En effet, à mesure que les SI gagnent en complexité, les organisations qui maîtrisent l'observabilité disposeront d'un avantage décisif : la capacité à garantir l'expérience utilisateur, à réduire les coûts d'incident et à innover plus vite, en toute confiance.

Votre stratégie de monitoring actuelle suffit-elle à piloter votre SI hybride ? Demandez votre audit à Askware pour identifier vos angles morts et construire votre feuille de route vers une observabilité complète.

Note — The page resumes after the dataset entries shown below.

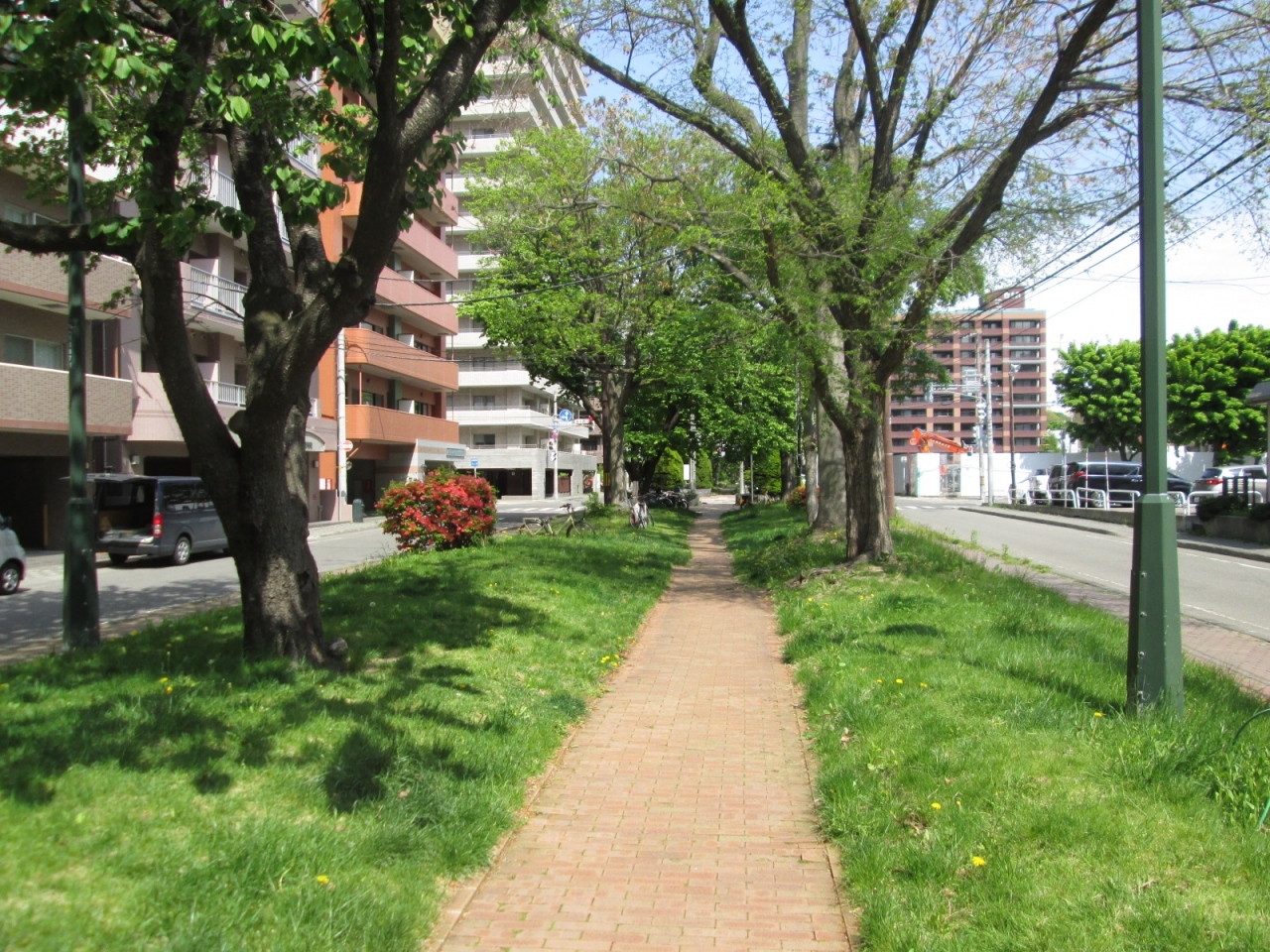 植物園の西側、北4条通り西12丁目から西18丁目までの区間を言い、大通公園のように両側が車道、中央が歩行者用と区分されています。
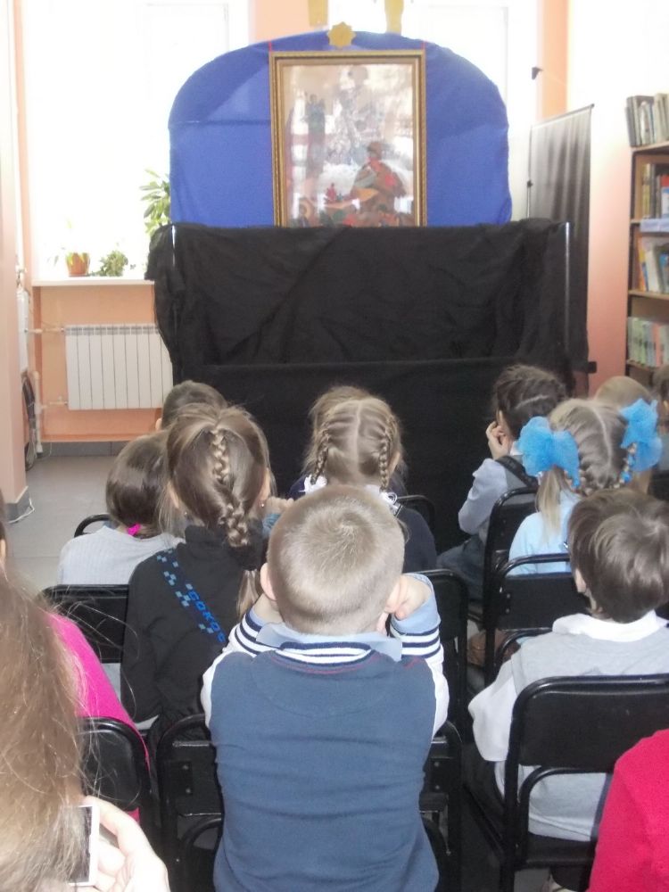 Юные зрители собрались в городской библиотеке №18. Сначала сотрудники библиотеки рассказали им об истории и традициях празднования Нового года и Рождества Христова. А на вопрос о том, откуда в России появилась традиция ставить в домах елки, ответили сами ребятишки. Потом им показали кукольное представление (рождественский вертеп) о празднике Рождества Христова под аккомпанемент протодиакона Владимира Черных, а воспитанницы подготовительного отделения Регентской школы спели несколько колядок.
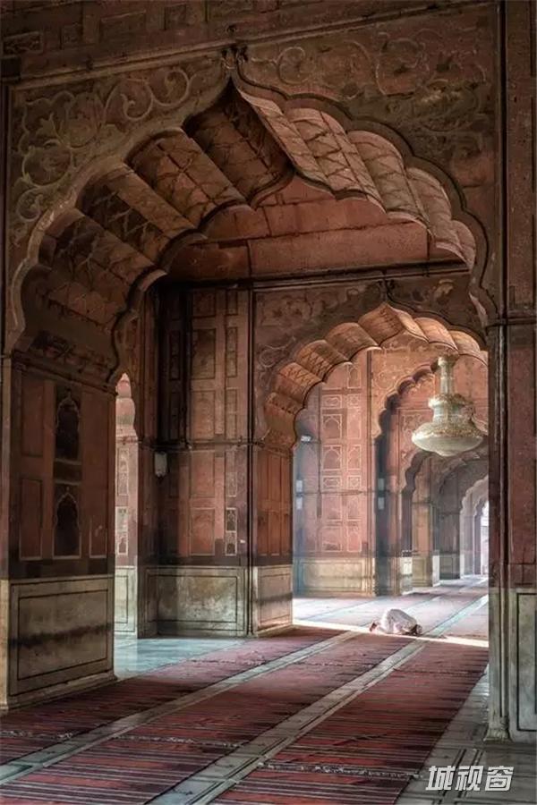 Photo and caption by Dale Johnson。 清晨新德里贾马清真寺,一个男人开始祈祷。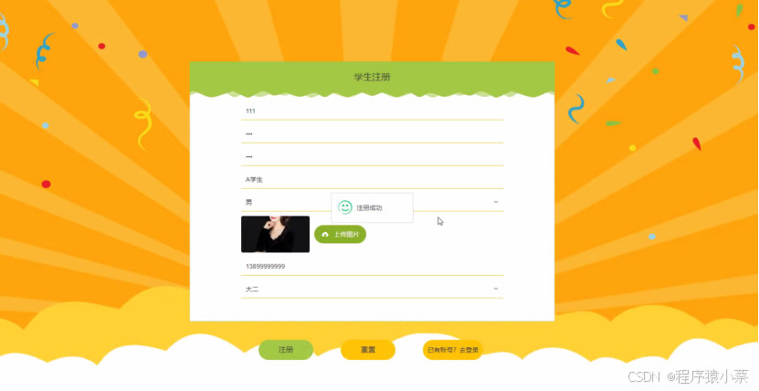 当学生进入前台系统进行相关操作前必须进行注册、登录,学生注册、学生登录界面如图5-2所示: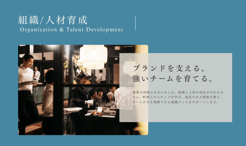 食の未来を担う人材と組織づくりをサポートしています。
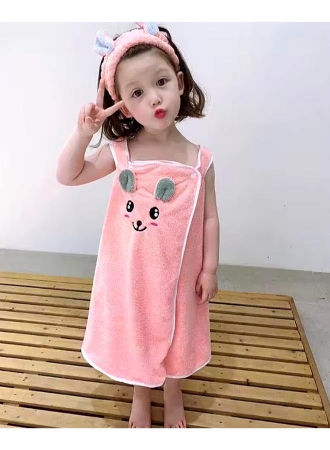 Children's Polyester Bathrobe with Headband Suitable for Home Use Small size [suitable for height 90-125 cm]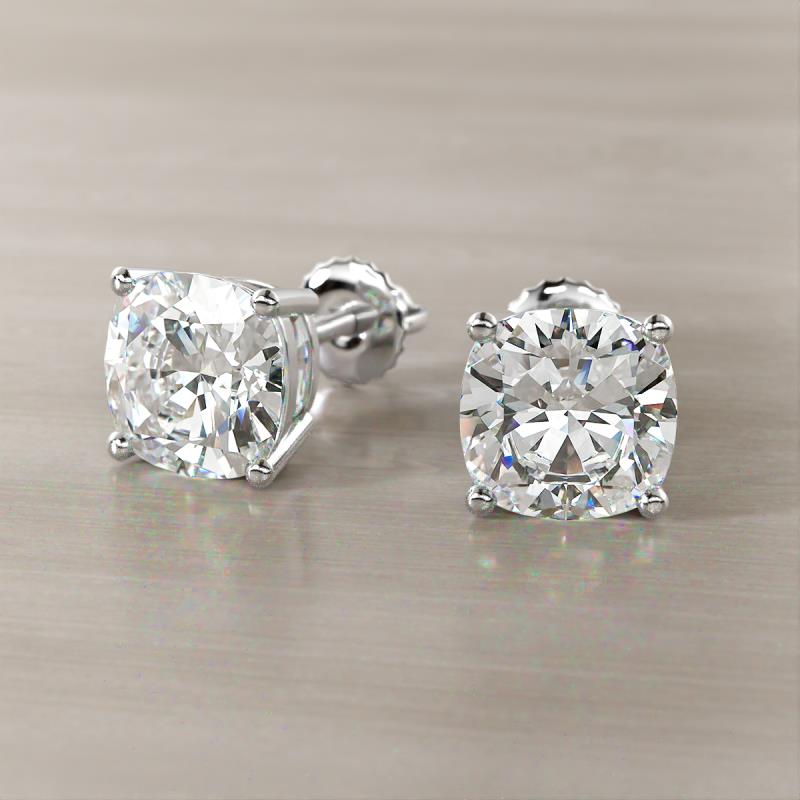 Elevate your style with our 4.00 ctw Cushion Shape IGI Certified Lab Grown Diamond Solitaire Ear Studs, prong-set for brilliance. The secure screw-back design makes them perfect for any occasion.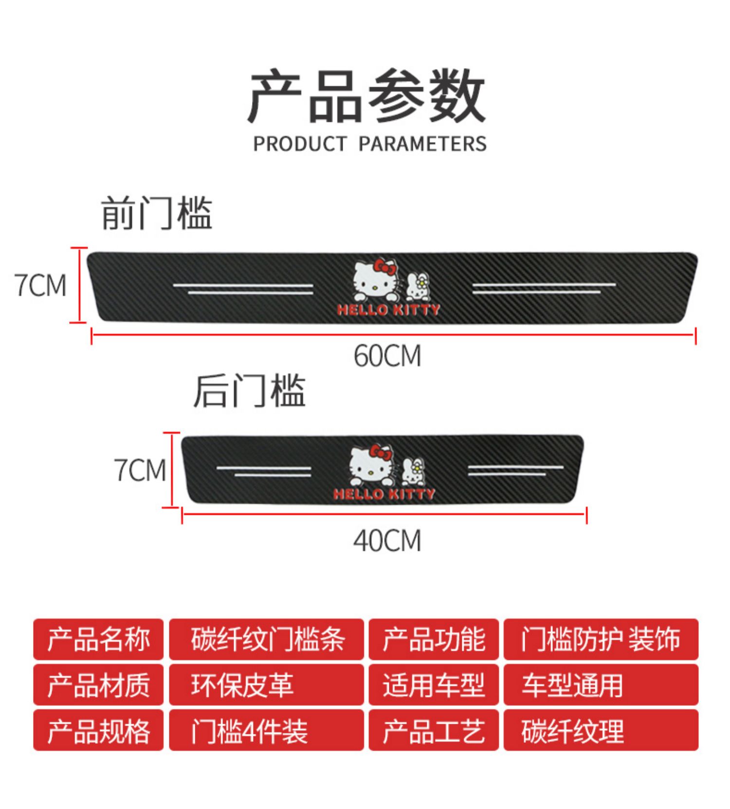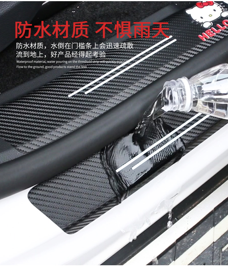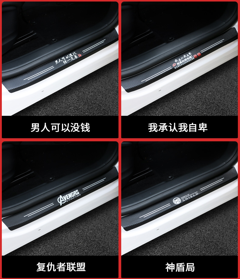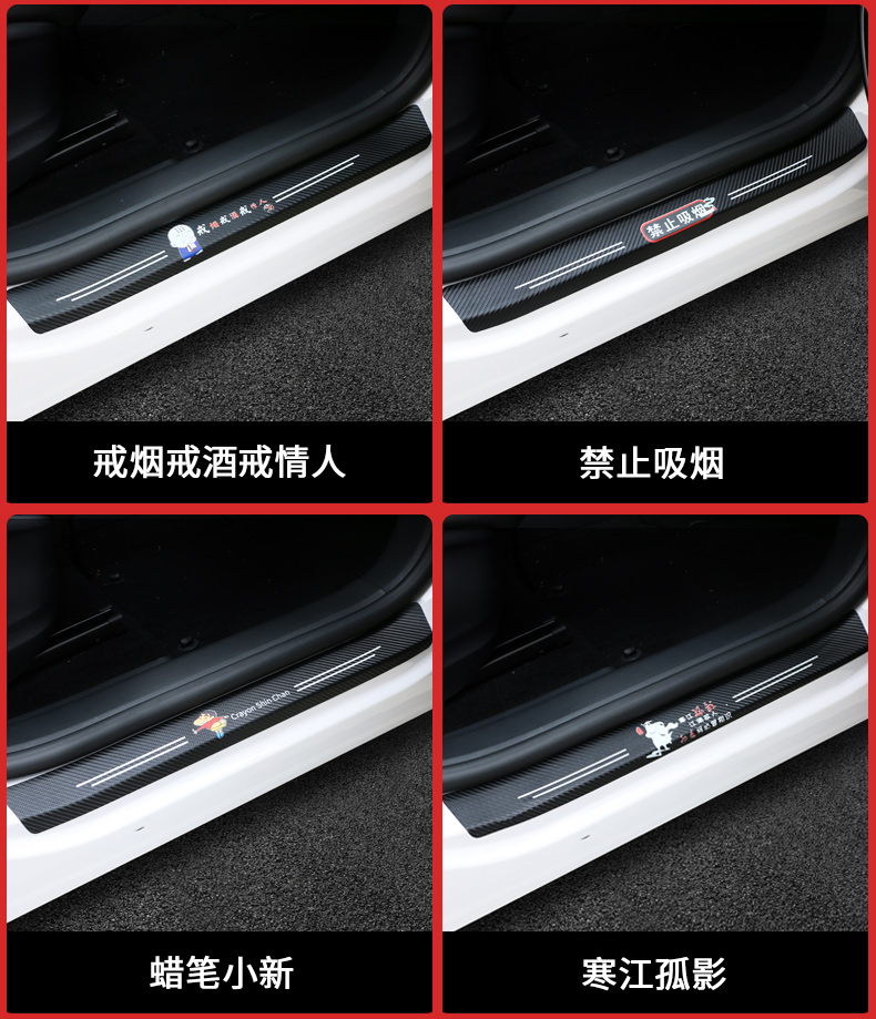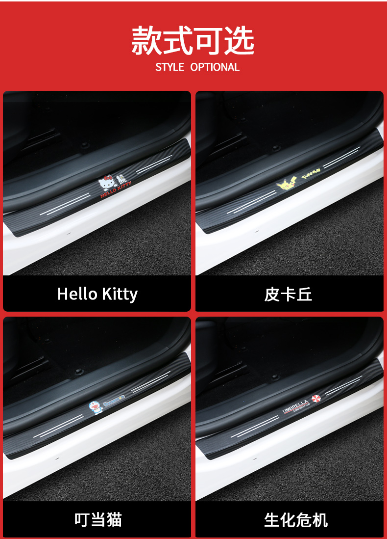 加厚材质,碳纤纹门槛条,保护原车门槛处,提升外观视觉,自带粘胶,不留胶,防水耐脏,防刮耐磨,多种图标可选,个性创意,可爱动漫,美观时尚,满足您的需求!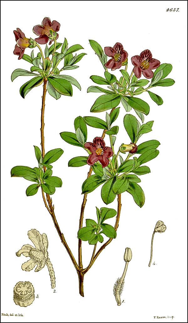 Small schrub, to 2m ; young shoots scaly , setose and pubescent to glabrous. Leaves evergreen or deciduous, scales on lower surface distant or touching, with broad translucent rims. Inflorescence terminal, 1-5-flowered. Calyx well-developed . Corolla campanulate ; stamens 10, regularly arranged, ovary impressed below the very short, sharply deflexed style. Seeds unwinged and obscurely finned.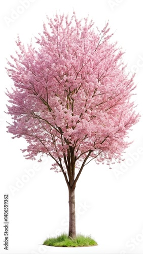 © Sayem, Fototapeta premium Full bloom cherry tree isolated on white background in spring season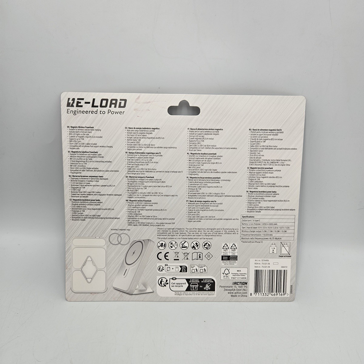 Bezprzewodowy magnetyczny powerbank Re-load 5000mAh 15W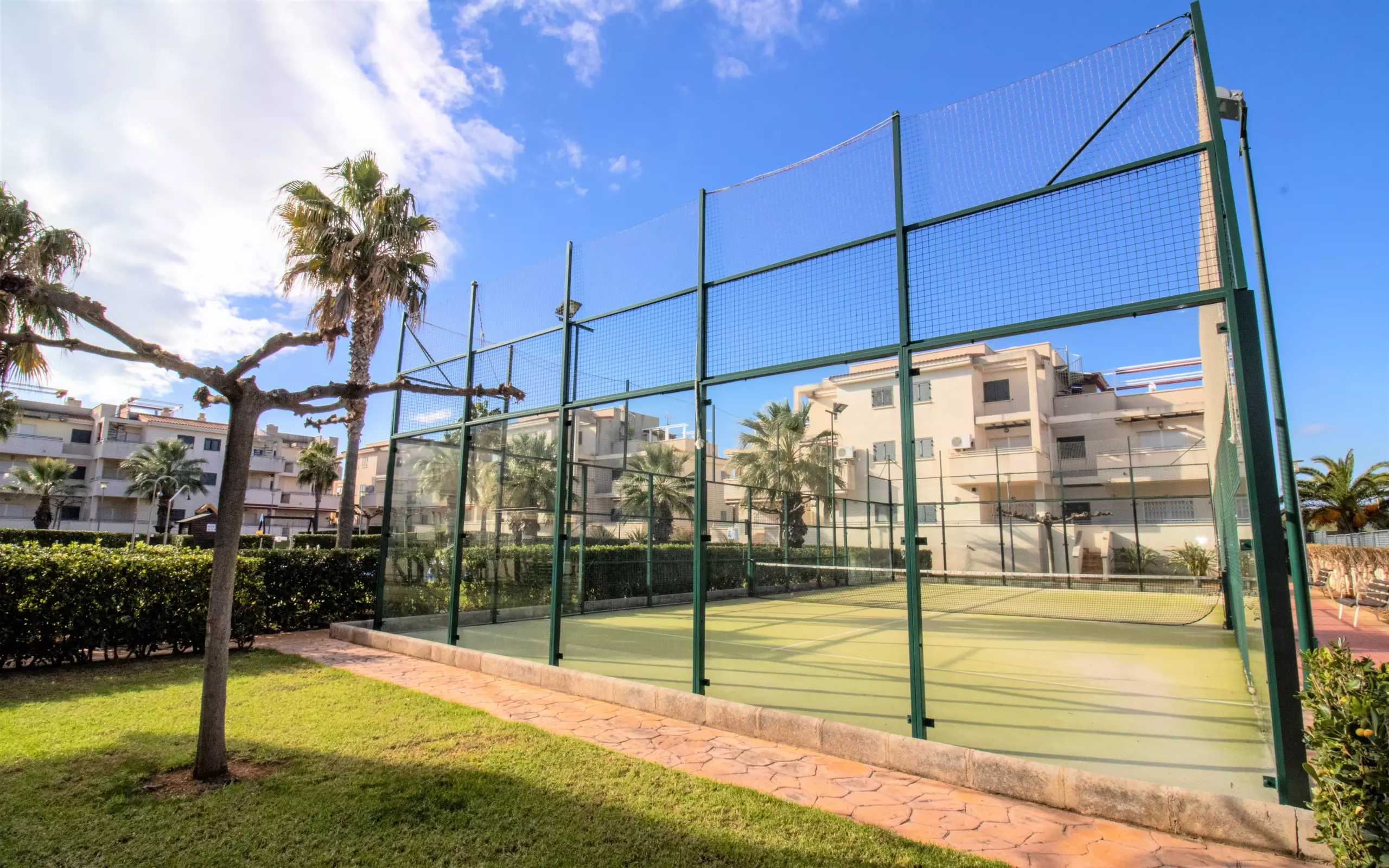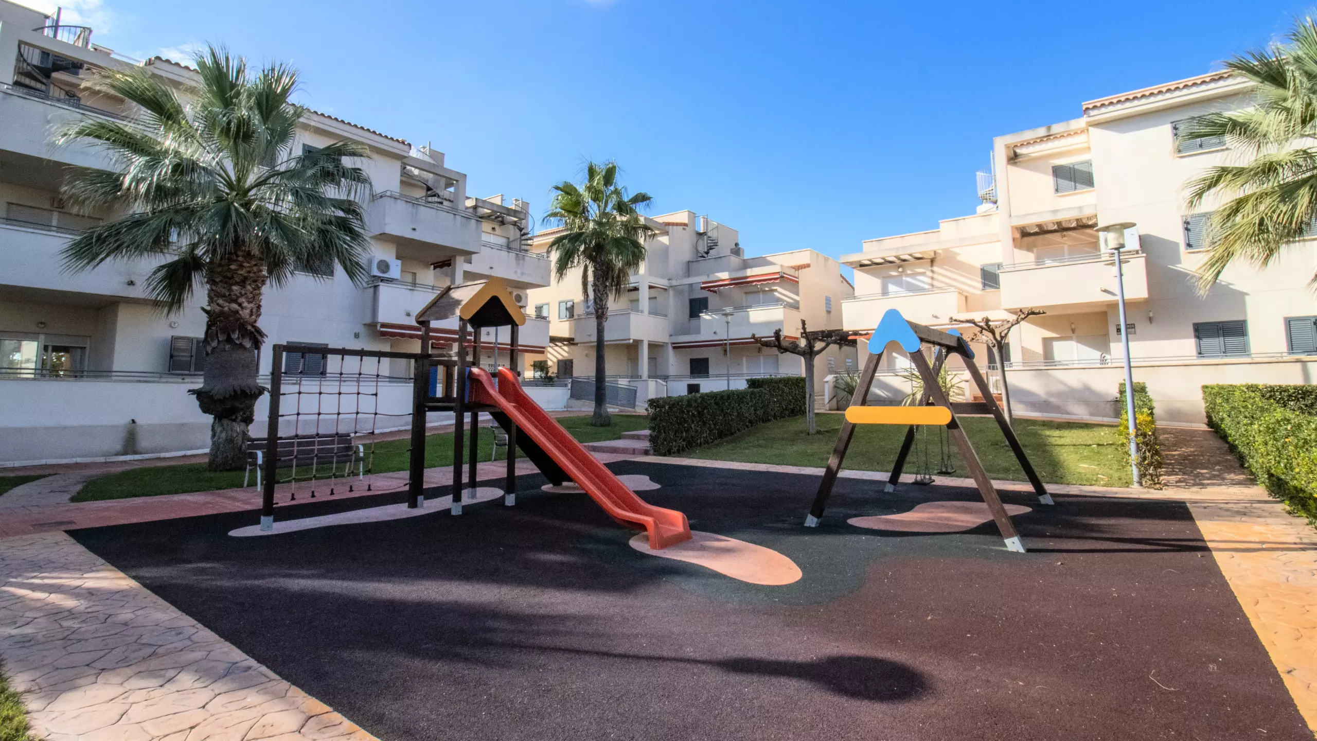It has elevator, garden, garden furniture, terrace, washing machine, internet access (wifi), heat pump heating, air conditioning in the living room and some bedrooms, communal swimming pool + children's pool, garage in the same building, TV, satellite TV (Languages: Spanish).

Points-clés sur l'observabilité informatique

Quelle est la différence entre monitoring et observabilité ?

Le monitoring surveille ce que vous avez décidé de surveiller à l'avance. L'observabilité vous permet d'enquêter sur des comportements que vous n'aviez pas anticipés. En pratique : le monitoring vous dit « quelque chose ne va pas », l'observabilité vous aide à comprendre pourquoi.

Quels sont les 3 piliers de l'observabilité ?

Les logs (événements détaillés), les métriques (tendances numériques dans le temps) et les traces distribuées (parcours complet d'une requête à travers vos services). C'est leur corrélation dans une plateforme unifiée qui produit une vraie observabilité.

Observabilité informatique : Guide complet Azure

Le MTTR est souvent élevé non pas parce que la résolution est complexe, mais parce que le diagnostic prend trop de temps. Une alerte sur une métrique vous amène directement aux traces concernées, puis aux logs précis. Le tout en quelques minutes plutôt qu'en quelques heures.